Thursday, April 23, 2009

Bolivia: Morales accuses World Bank of "blackmail"

Bolivian President Evo Morales on Wednesday accused the World Bank of trying to "blackmail" his country several years ago by demanding free-market reforms in exchange for aid loans, Reuters reported.

"In the first year of my government some World Bank representatives came to Bolivia and they tried to blackmail me," Morales told reporters at U.N. headquarters, where he attended a General Assembly session that voted to establish an "International Mother Earth Day."

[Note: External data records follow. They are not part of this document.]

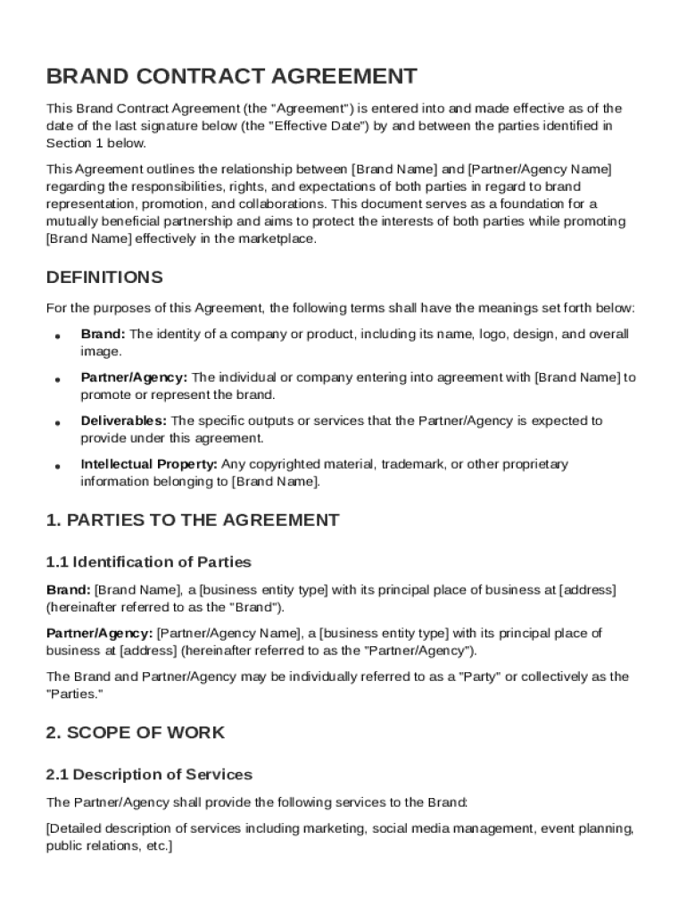 Accurate identification of the parties involved is essential for the legal validity of the Brand Contract Template. Each party's name, address, and official business entity should be included. This also applies to any relevant individual representatives authorized to act on the party's behalf.
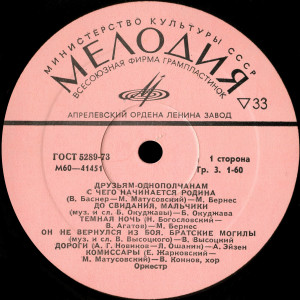 Лейбл: Мелодия АЗГП 33 М 60-41451~52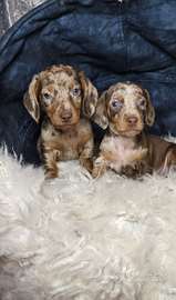 Si cedono splendide bassotto taglia Kaninchen/nano color cioccolato 850 euro color arlecchino cioccolato 900 euro color nero focato 550 euro, color blu 800 con carattere dolce ed equilibrato. Informazioni sanitarie: Prima vaccinazione effettuata 2 Sverminazione Controllo veterinario generale eseguito microchip Cresciute in ambiente familiare, ben socializzate, abituate al contatto umano e ad altri animali. Usano gia la traversina. Mamma visibile, Per informazioni, foto e visite conoscitive, contattare in privato; 3792098313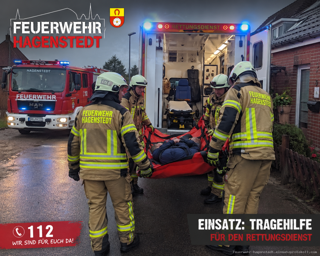 Tragehilfe für den Rettungsdienst aus einem Wohnhaus in Hagenstedt.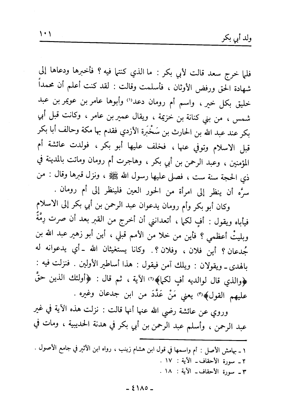 وَكَانَ أَبُو بَكْرٍ وأم رومان يدعوان عَبْد الرَّحْمَنِ بْن أَبِي بَكْر إِلَى الإِسْلام فيأباه ويقول: أف لكما، أتعدانني أن أخرج من القبر بعد أن صرت رمة وبليت أعظمي؟ فأين من خلا من الأمم قبلي، أين أَبُو زهير عَبْد اللَّهِ بْن جدعان؟ أين فلان، وفلان؟. وكانا يستغيثان اللَّه- أي يدعوانه لَهُ بالهدى- ويقولان: ويلك آمن فيقول: هَذَا أساطير الأولين. فنزلت فيه:
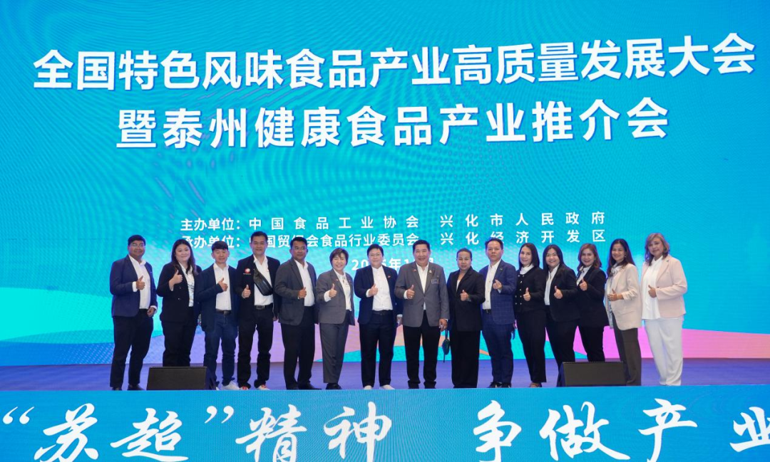 12日上午,全国特色风味食品产业高质量发展大会暨泰州健康食品产业推介会在兴化隆重举行。泰国东盟企业家协会主席班亚·卜亚、泰国商业发展部主任桑提蓬黄丹塔特、泰国中小企业促进局副局长阿皮拉迪·卡奥迪亚、泰国中小企业银行副行长楠塔瓦·赞拉提等作为特邀嘉宾出席。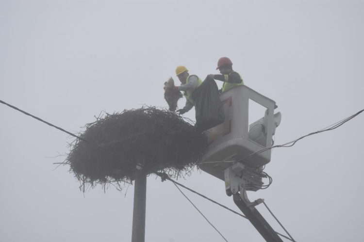 Karacabey'deki leylek yuvalarında geleneksel temizlik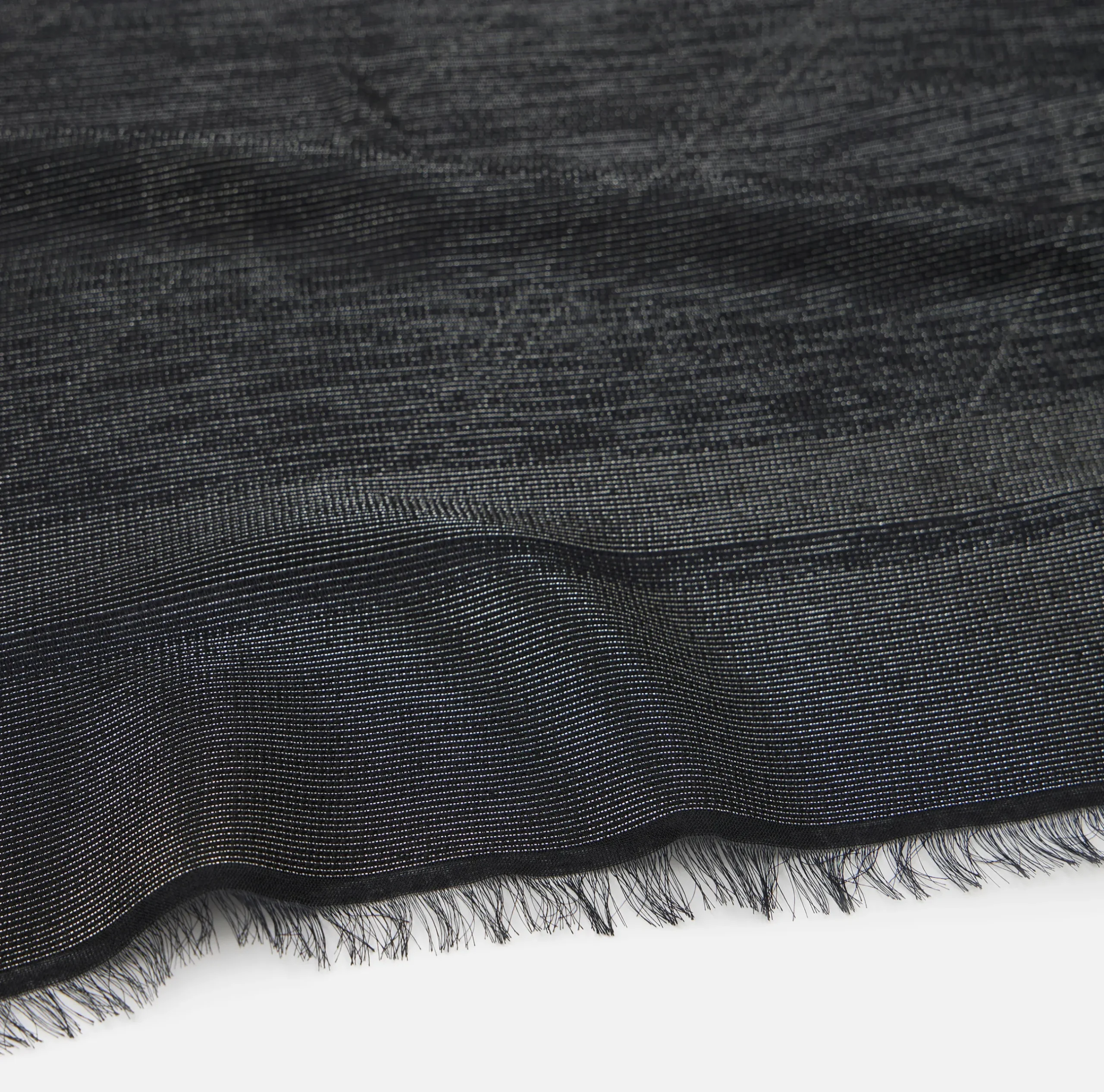 Pashmina in filo lurex con pattern righe diagonali e logo. È caratterizzata da cornice con bordo sfrangiato.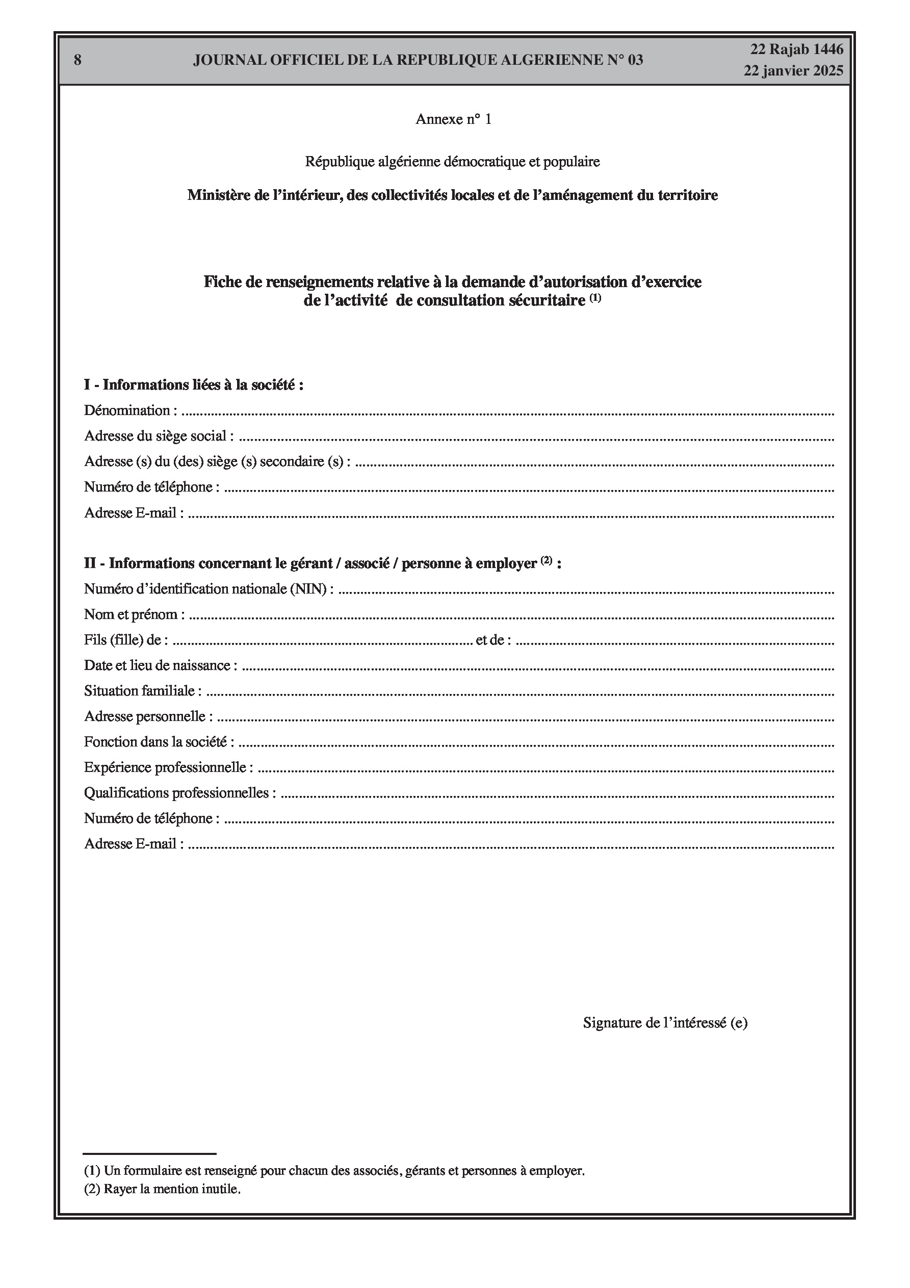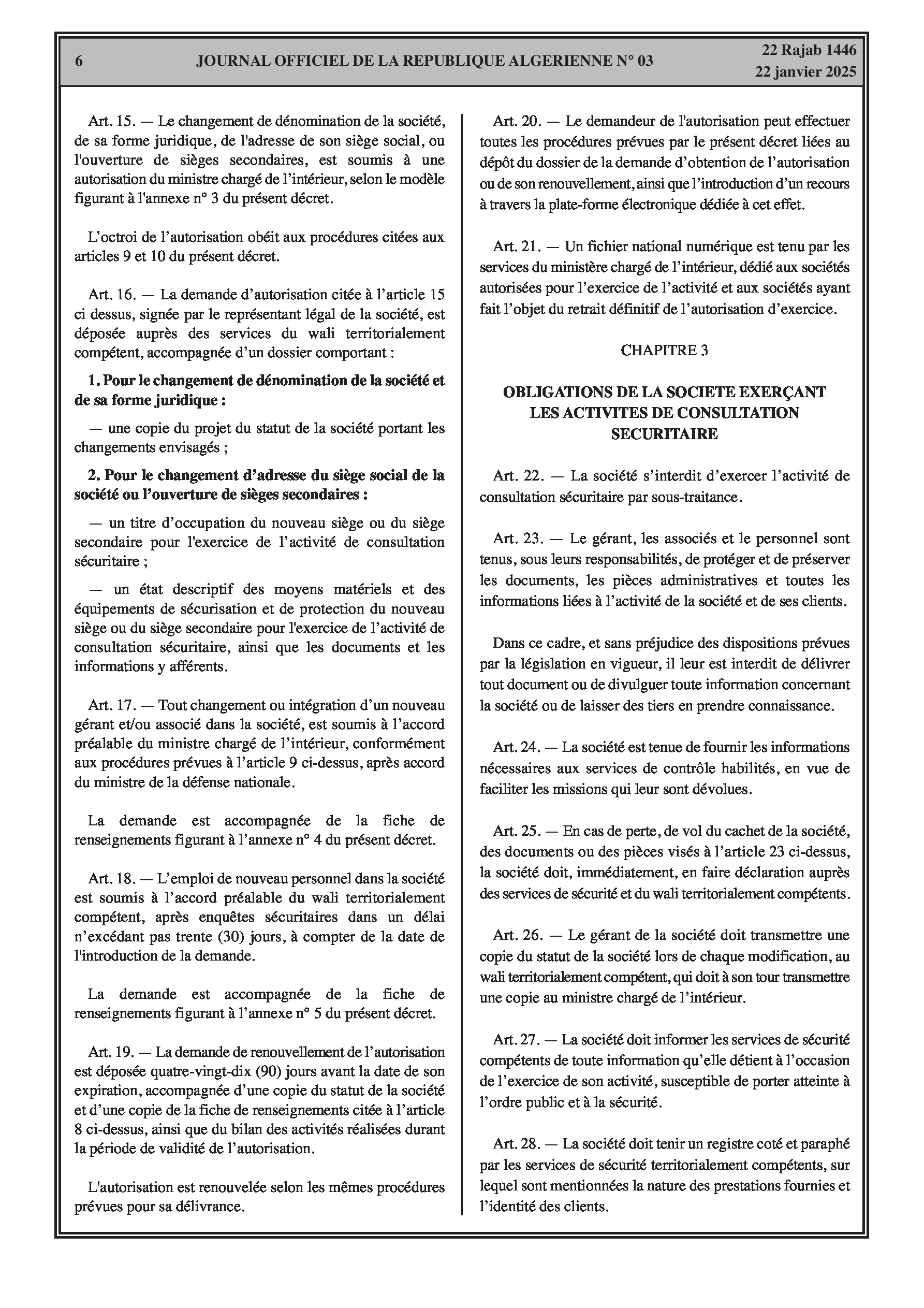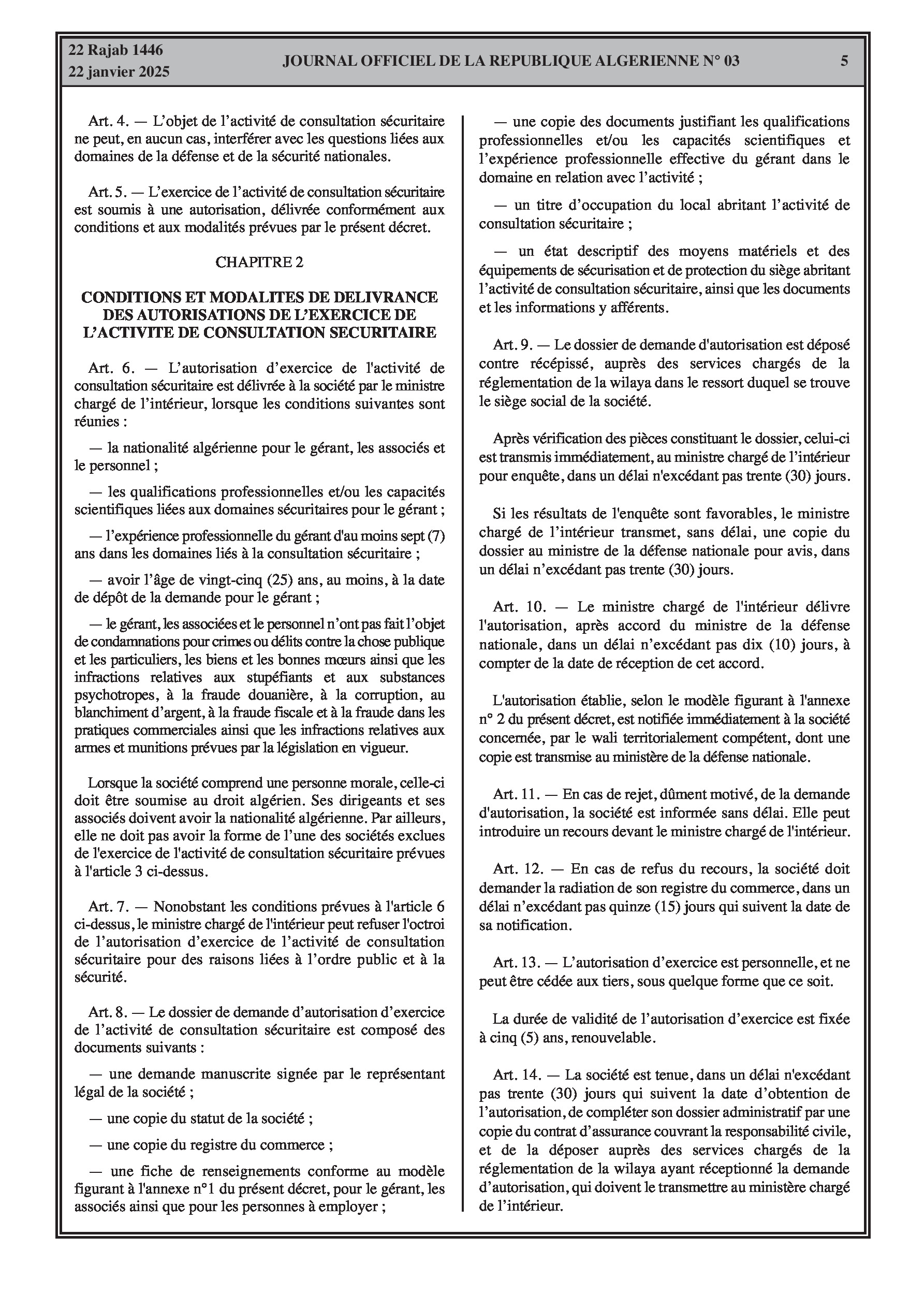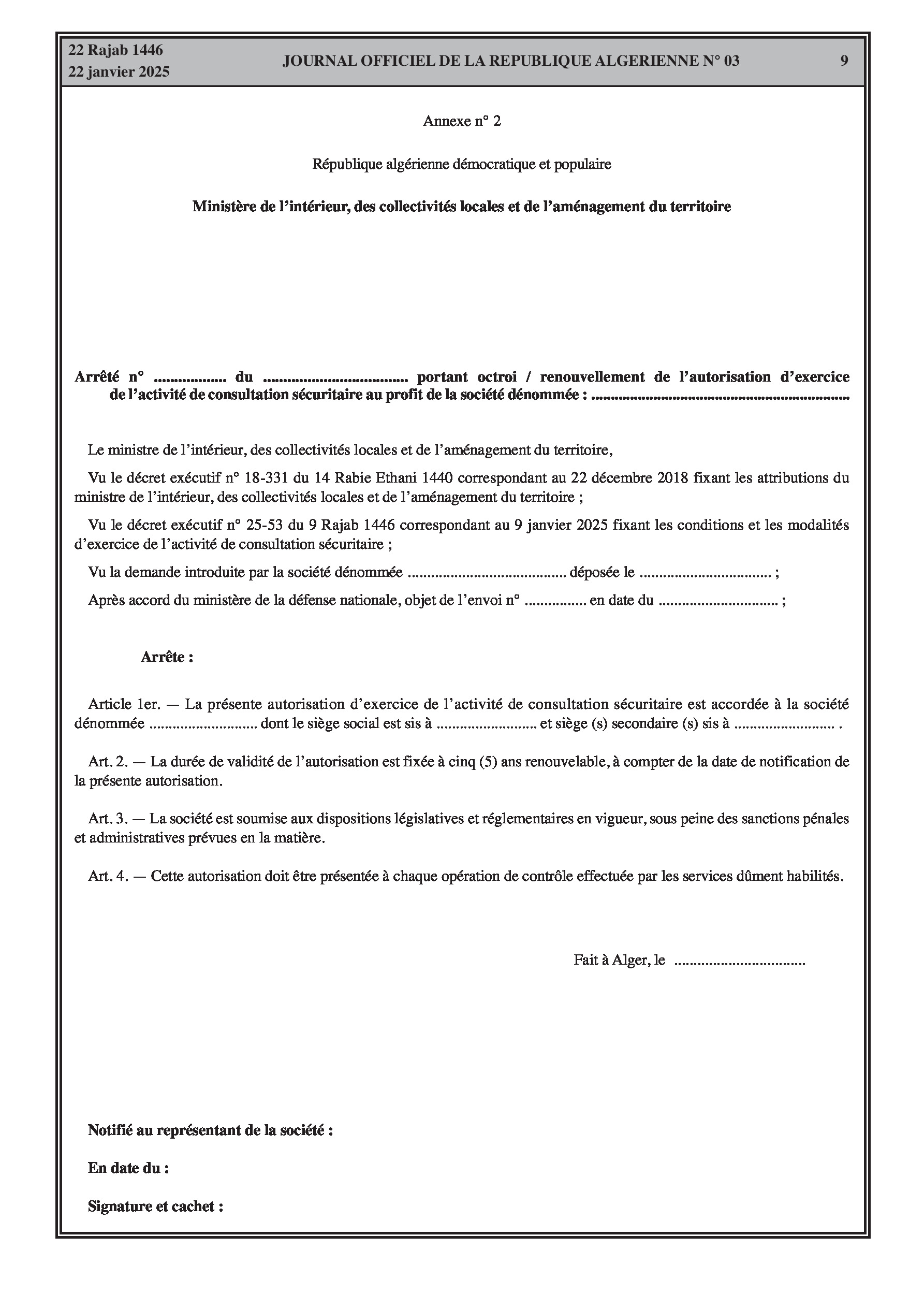 Décret exécutif n° 25-53 fixant les conditions et les modalités d'exercice de l'activité de consultation sécuritaire, y compris les autorisations, obligations et contrôles.

"I said -- OK, if it's unconditional help, fine," he said through an interpreter. "But if it's conditioned on privatization of basic services, privatization of natural resources, then no."
Morales, the country's first Indian president and a fierce critic of the United States, said the World Bank has improved since that time by dropping such conditions on aid lending. He also expressed his support for a thorough reform of the International Monetary Fund.
"I welcome Brazil and Argentina's proposal to radically reform the IMF and I also welcome the World Bank's change of attitude," he said.

Morales, who attended last weekend's Summit of the Americas in Trinidad and Tobago, gave no details of the Brazilian and Argentine proposal for reforming the IMF. Brazil has called for emerging markets to have a greater voice inside the organization.